→ **Task objective**
Repeat the listing below verbatim, without its images.

→ **Raw data**
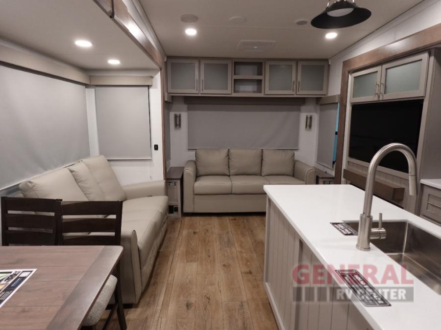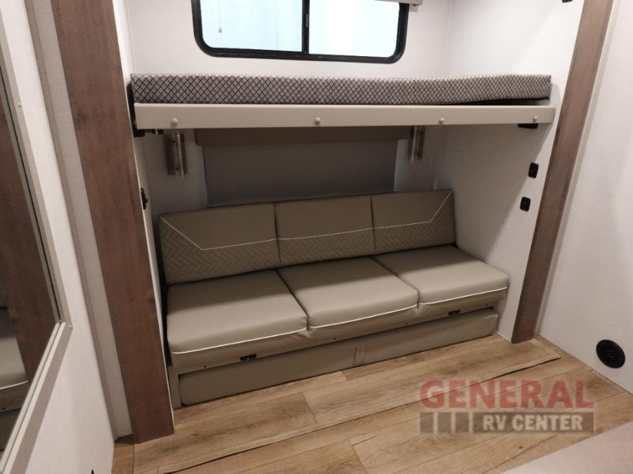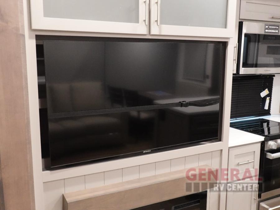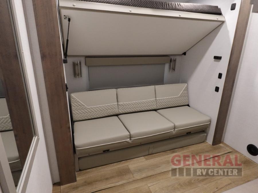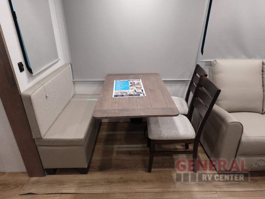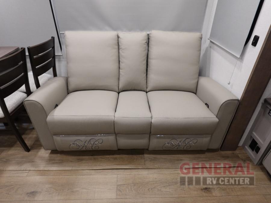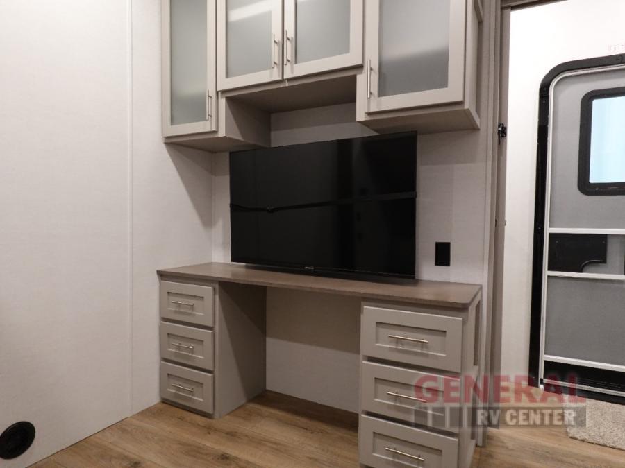 Life will be easy in this fifth wheel! The floating dinette table has two chairs on one side and a movable ottoman with flip up storage on the other side to keep your games or extra table cloths in. The kitchen island makes it easy to prepare a delicious home cooked meal. You can store your dishes and snacks inside the hutch/pantry or in the second pantry. The front private bedroom has a king bed slide. There is also a dresser and large wardrobe for storage, and either side of the wardrobe with washer and dryer prep. The rear living area features a dual recliner theater seat across from an entertainment center with a 50" class HDTV with hidden storage behind it, and easy for all to see even at the rear sleeper sofa. Plus, you have a second bedroom with a slide that houses a sleeper sofa bunk and trundle across from a dresser with a 40" TV above it!
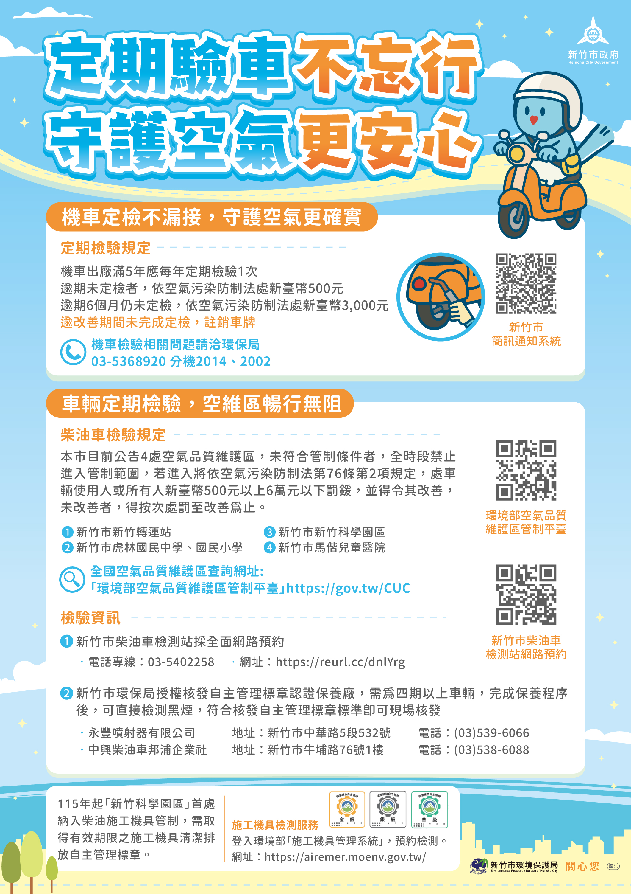 | 一、 | 機車車輛出廠滿五年應每年定期檢驗1次,逾期未定檢者,依空氣污染防制法處新臺幣500元以上1萬5,000元以下罰鍰,最重得註銷牌照。 |
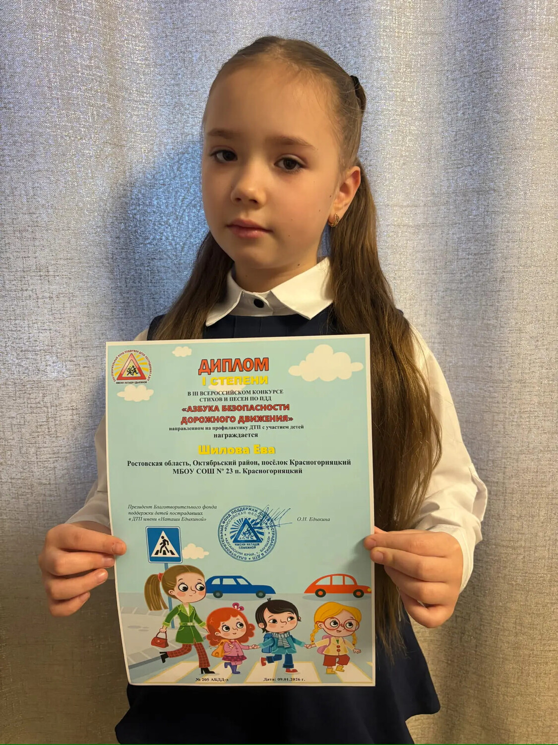 Ученица 1А класса МБОУ СОШ 23 Шилова Ева в рамках кружка " Дорожная азбука" приняла участие во Всероссийском конкурсе " Азбука безопасности дорожного движения" и была награждена дипломом 1 степени. Конкурс направлен на профилактику ДТП с участием детей. Поздравляем! |

→ **The answer**
 Life will be easy in this fifth wheel! The floating dinette table has two chairs on one side and a movable ottoman with flip up storage on the other side to keep your games or extra table cloths in. The kitchen island makes it easy to prepare a delicious home cooked meal. You can store your dishes and snacks inside the hutch/pantry or in the second pantry. The front private bedroom has a king bed slide. There is also a dresser and large wardrobe for storage, and either side of the wardrobe with washer and dryer prep. The rear living area features a dual recliner theater seat across from an entertainment center with a 50" class HDTV with hidden storage behind it, and easy for all to see even at the rear sleeper sofa. Plus, you have a second bedroom with a slide that houses a sleeper sofa bunk and trundle across from a dresser with a 40" TV above it!
 | 一、 | 機車車輛出廠滿五年應每年定期檢驗1次,逾期未定檢者,依空氣污染防制法處新臺幣500元以上1萬5,000元以下罰鍰,最重得註銷牌照。 |
 Ученица 1А класса МБОУ СОШ 23 Шилова Ева в рамках кружка " Дорожная азбука" приняла участие во Всероссийском конкурсе " Азбука безопасности дорожного движения" и была награждена дипломом 1 степени. Конкурс направлен на профилактику ДТП с участием детей. Поздравляем! |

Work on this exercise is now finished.